*Data segment*.

-- Opening Marker --

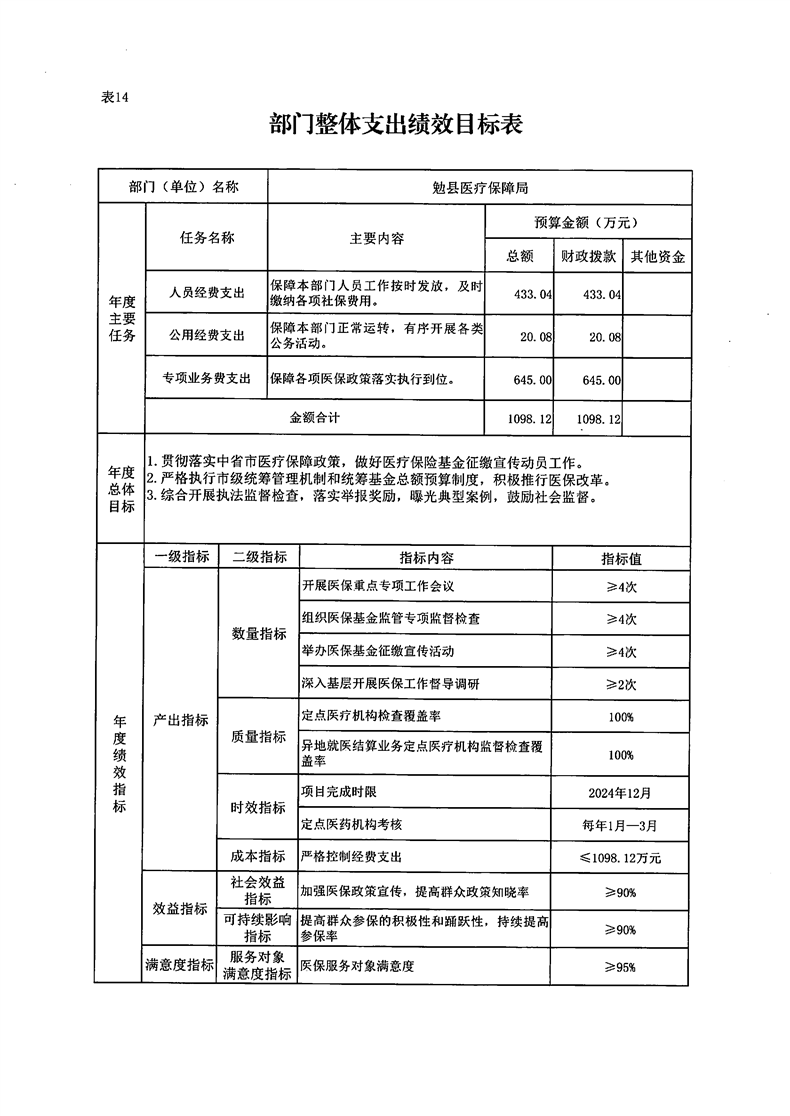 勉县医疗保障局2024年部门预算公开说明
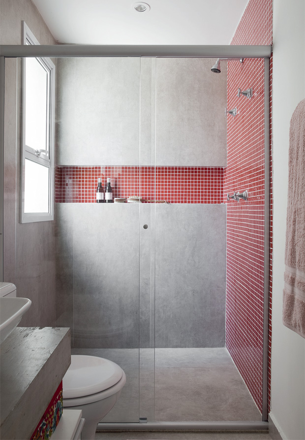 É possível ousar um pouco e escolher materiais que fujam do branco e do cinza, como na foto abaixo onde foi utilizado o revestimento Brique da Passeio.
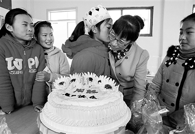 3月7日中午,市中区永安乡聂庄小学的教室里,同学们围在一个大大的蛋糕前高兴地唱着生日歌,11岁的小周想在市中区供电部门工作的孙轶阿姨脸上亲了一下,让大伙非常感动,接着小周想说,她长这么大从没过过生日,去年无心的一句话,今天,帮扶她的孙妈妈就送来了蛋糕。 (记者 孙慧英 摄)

-- Closing Marker --

*Assignment*. Write out exactly the lines between the start of the data and the line with "É possível ousar", including both, but none of the pictures.

*Task solution*.
 勉县医疗保障局2024年部门预算公开说明
 É possível ousar um pouco e escolher materiais que fujam do branco e do cinza, como na foto abaixo onde foi utilizado o revestimento Brique da Passeio.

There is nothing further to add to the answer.